Published: April 21, 2014

On Aug. 28, 2009, after a heavy rainfall, the smell of gasoline arose in the basement of the home shared by Alessandra Riscatti, Elisabetta Riscatti, and Laszlo Beres. Worse yet, later that day, flames erupted from the sewer and spread through the house.

Alessandra and Laszlo battled the fire while waiting for the Parma Fire Department. By the time they escaped their home, each had inhaled smoke that contained toxic substances, and Alessandra required treatment for carbon monoxide poisoning and smoke inhalation.

The fire was extinguished, but the interior of the house and most of the personal items inside were destroyed or damaged.

Investigations by the Ohio Bureau of Underground Storage Tank Regulation (“BUSTR”), the Parma Fire Department (“PFD”), the EPA and the sewer district revealed gasoline in an observation well, gasoline-contaminated groundwater, and the continuous flow of gasoline from a nearby gas station into the sanitary sewer main on State Road. The gas station was ordered shut immediately.

BUSTR ordered an excavation of the tank system and discovered that drainpipes connected an underground storage-tank cavity under the gas station to the sewer main on State Road. That connection had been in place since the pipes were installed in 1982 to keep the tank from floating in case of rising groundwater during rain or snowmelt. But over the years the pipes caused continual dumping of gasoline-contaminated groundwater into the sewer main, and eventually into the sewer lines of homes along State Road.
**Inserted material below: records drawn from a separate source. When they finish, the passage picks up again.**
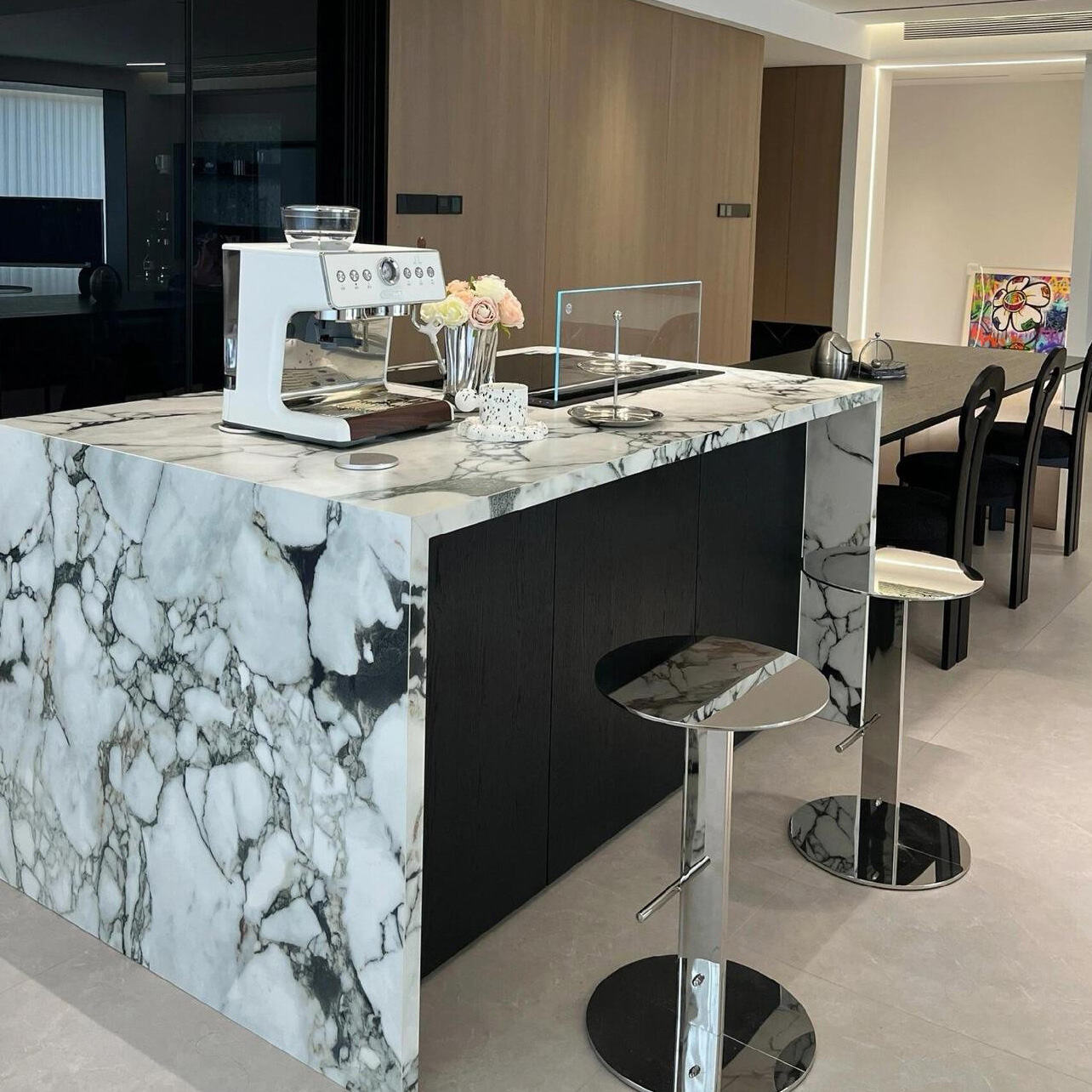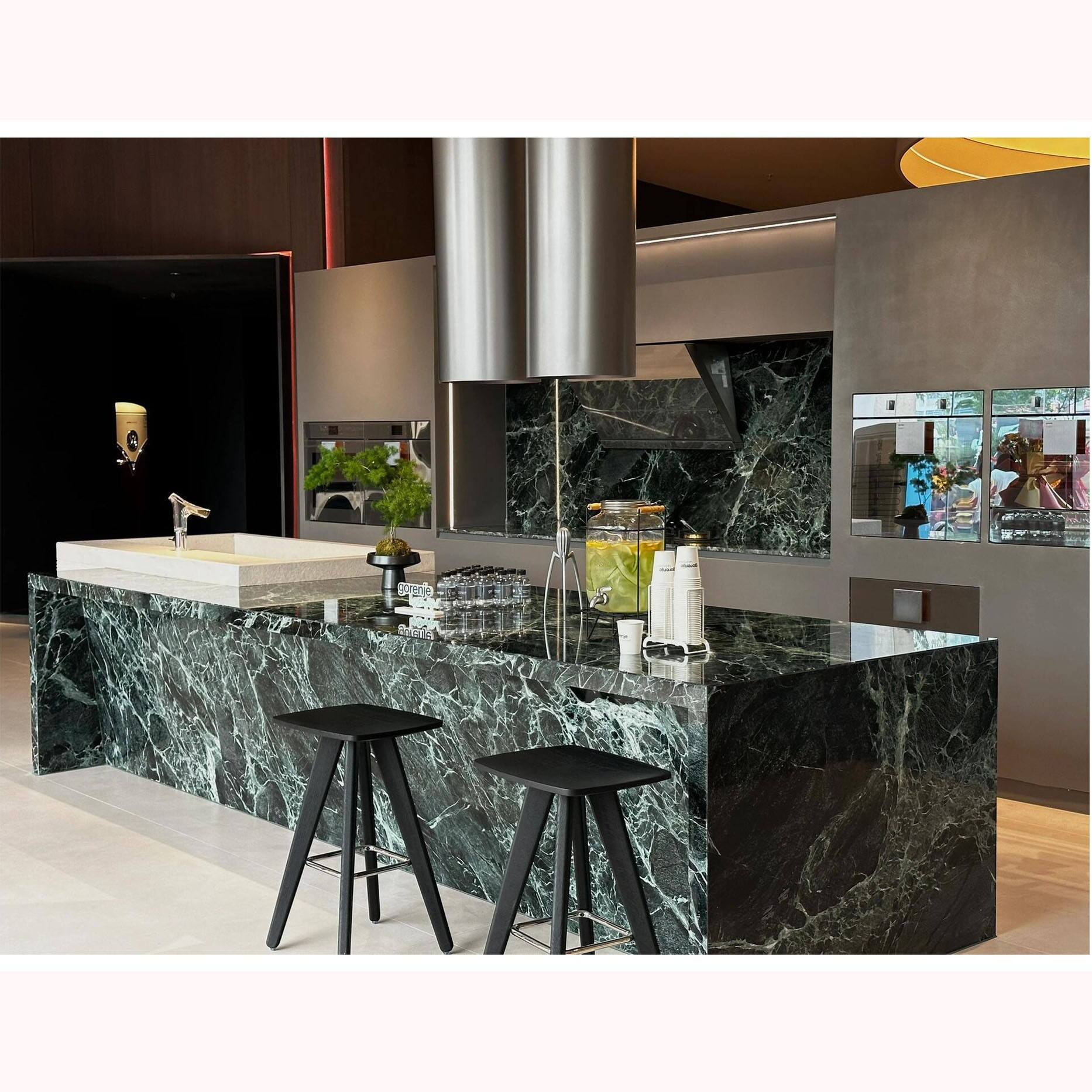 Each piece of marble has its own natural texture, resembling ink-wash landscape paintings or flowing oil paintings, carrying an inimitable artistic charm. It is an unparalleled high-end texture that cannot be matched by ordinary granite slabs or artificial stones. It is also a natural work of art for the kitchen.
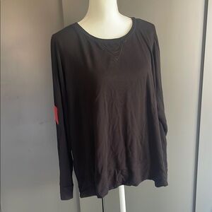 Philosophy Black Long Sleeve Top with Red Heart Patch
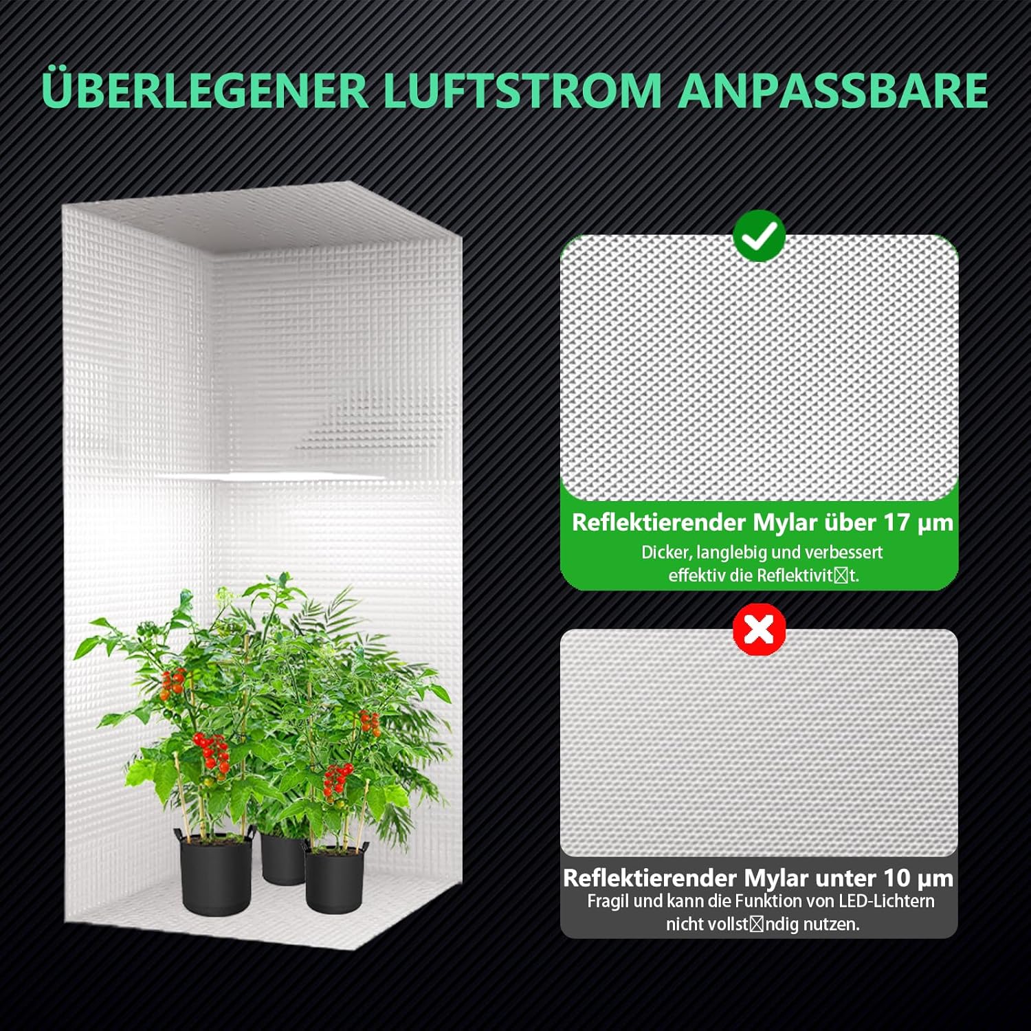 OPTIMALE REFLEKTIONSRATE: Das Growzelt besteht aus hochwertigem 600D-Segeltuch, das umweltfreundlich und ungiftig ist. Es sorgt dafür, dass unerwünschte Gerüche nicht entweichen. Die 100% reflektierenden Mylar-Wände verhindern Lichtverluste und fördern ein effektives Pflanzenwachstum.

The homeowners alleged that in early 2008, they, their neighbors, and motorists in the area, had contacted the PFD to report a strong odor of gasoline inside their houses and along the road. PFD discovered heavy gasoline vapors in the sewer main, and a BUSTR investigator found gasoline visibly leaking from a pump filter into a catch basin at the gas station. The sewer district confirmed the station as the source of the odors but failed to inform the homeowners.

After that discovery, BUSTR cited the owner of the station for failing to periodically inspect the equipment at the station. But despite that citation, and eight prior documented gas leaks starting in 1989, the station owner made no effort to determine how the toxins got into the neighborhood homes.

The homeowners maintained that they had complained of gasoline odors since 1982, but that the PFD, the EPA, BUSTR, the sewer district and the station owner all assured them that the odors were from natural sources, not the station.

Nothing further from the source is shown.